#### WHAT THIS TASK INVOLVES:
Please repeat exactly the lines from the one containing "Warheads® Super Sour Double Drops –" to the end of the entries below, both included, and omit all pictures.

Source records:

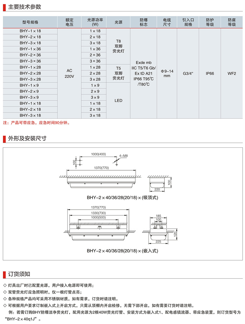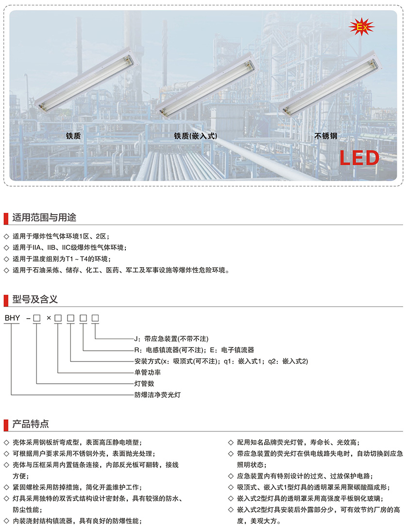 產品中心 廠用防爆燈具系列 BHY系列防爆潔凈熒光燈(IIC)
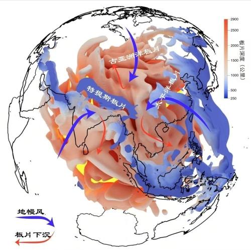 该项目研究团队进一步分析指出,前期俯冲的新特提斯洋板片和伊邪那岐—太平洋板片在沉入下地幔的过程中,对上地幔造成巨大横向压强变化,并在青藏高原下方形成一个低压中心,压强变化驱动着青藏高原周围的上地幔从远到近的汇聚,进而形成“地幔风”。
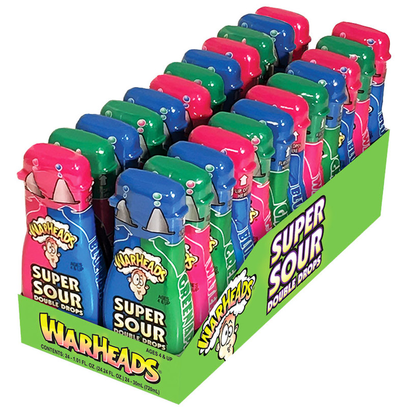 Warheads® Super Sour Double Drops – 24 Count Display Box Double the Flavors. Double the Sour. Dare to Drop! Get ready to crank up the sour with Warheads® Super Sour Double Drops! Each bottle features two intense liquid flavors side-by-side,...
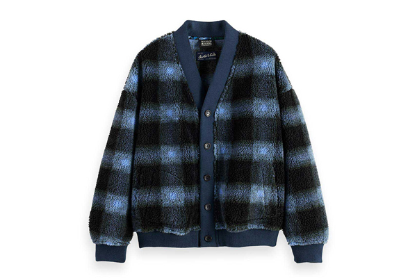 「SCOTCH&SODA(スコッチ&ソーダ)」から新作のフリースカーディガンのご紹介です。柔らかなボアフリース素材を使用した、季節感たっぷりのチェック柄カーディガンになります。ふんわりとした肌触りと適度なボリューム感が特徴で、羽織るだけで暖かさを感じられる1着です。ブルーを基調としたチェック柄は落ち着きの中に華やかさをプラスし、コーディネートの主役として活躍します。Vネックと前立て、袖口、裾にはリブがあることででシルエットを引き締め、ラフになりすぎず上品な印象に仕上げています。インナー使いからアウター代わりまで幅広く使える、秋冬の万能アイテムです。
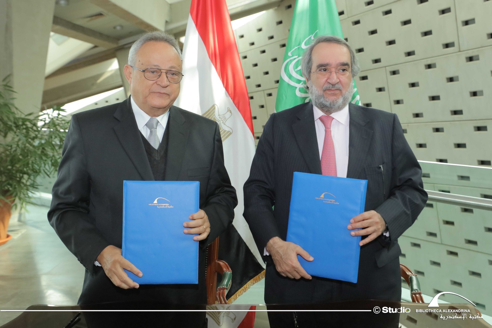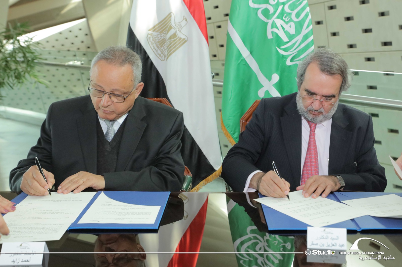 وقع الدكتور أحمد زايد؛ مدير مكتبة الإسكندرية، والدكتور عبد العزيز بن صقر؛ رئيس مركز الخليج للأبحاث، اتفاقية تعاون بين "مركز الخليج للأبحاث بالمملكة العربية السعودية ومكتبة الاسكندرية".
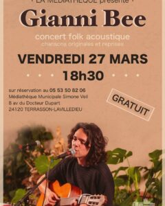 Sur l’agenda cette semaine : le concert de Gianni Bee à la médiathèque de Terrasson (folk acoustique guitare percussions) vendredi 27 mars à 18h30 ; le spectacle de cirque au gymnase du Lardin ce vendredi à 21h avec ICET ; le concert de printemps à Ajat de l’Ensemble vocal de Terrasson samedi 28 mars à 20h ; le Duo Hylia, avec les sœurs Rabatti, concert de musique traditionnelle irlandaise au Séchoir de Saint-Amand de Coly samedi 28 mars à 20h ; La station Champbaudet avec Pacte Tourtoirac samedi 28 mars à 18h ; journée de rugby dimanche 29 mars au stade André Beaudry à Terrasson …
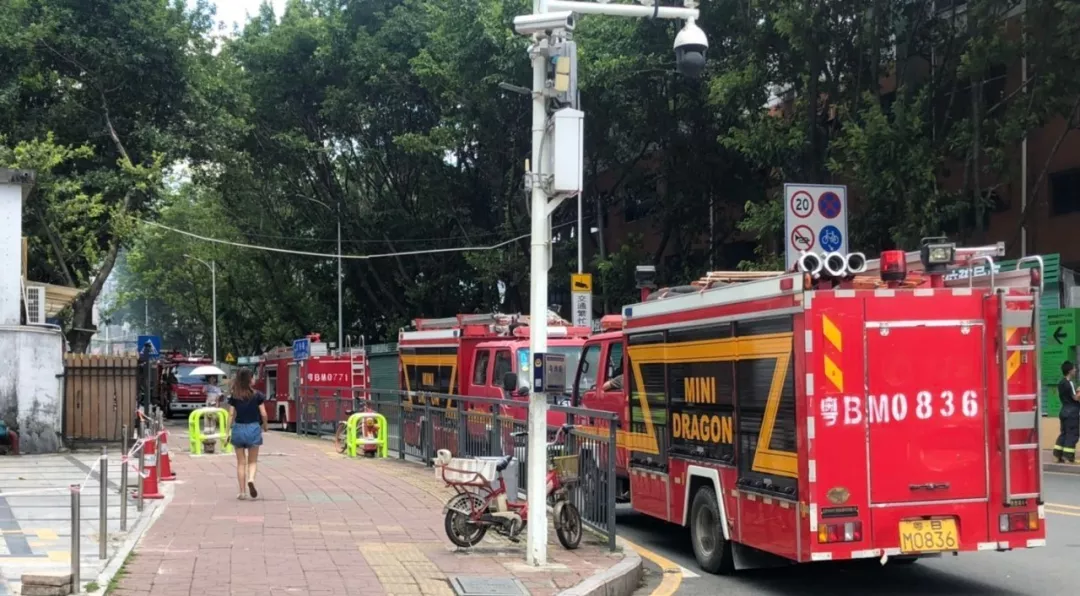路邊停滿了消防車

#### YOUR SOLUTION:
 Warheads® Super Sour Double Drops – 24 Count Display Box Double the Flavors. Double the Sour. Dare to Drop! Get ready to crank up the sour with Warheads® Super Sour Double Drops! Each bottle features two intense liquid flavors side-by-side,...
 「SCOTCH&SODA(スコッチ&ソーダ)」から新作のフリースカーディガンのご紹介です。柔らかなボアフリース素材を使用した、季節感たっぷりのチェック柄カーディガンになります。ふんわりとした肌触りと適度なボリューム感が特徴で、羽織るだけで暖かさを感じられる1着です。ブルーを基調としたチェック柄は落ち着きの中に華やかさをプラスし、コーディネートの主役として活躍します。Vネックと前立て、袖口、裾にはリブがあることででシルエットを引き締め、ラフになりすぎず上品な印象に仕上げています。インナー使いからアウター代わりまで幅広く使える、秋冬の万能アイテムです。
 وقع الدكتور أحمد زايد؛ مدير مكتبة الإسكندرية، والدكتور عبد العزيز بن صقر؛ رئيس مركز الخليج للأبحاث، اتفاقية تعاون بين "مركز الخليج للأبحاث بالمملكة العربية السعودية ومكتبة الاسكندرية".
 Sur l’agenda cette semaine : le concert de Gianni Bee à la médiathèque de Terrasson (folk acoustique guitare percussions) vendredi 27 mars à 18h30 ; le spectacle de cirque au gymnase du Lardin ce vendredi à 21h avec ICET ; le concert de printemps à Ajat de l’Ensemble vocal de Terrasson samedi 28 mars à 20h ; le Duo Hylia, avec les sœurs Rabatti, concert de musique traditionnelle irlandaise au Séchoir de Saint-Amand de Coly samedi 28 mars à 20h ; La station Champbaudet avec Pacte Tourtoirac samedi 28 mars à 18h ; journée de rugby dimanche 29 mars au stade André Beaudry à Terrasson …
路邊停滿了消防車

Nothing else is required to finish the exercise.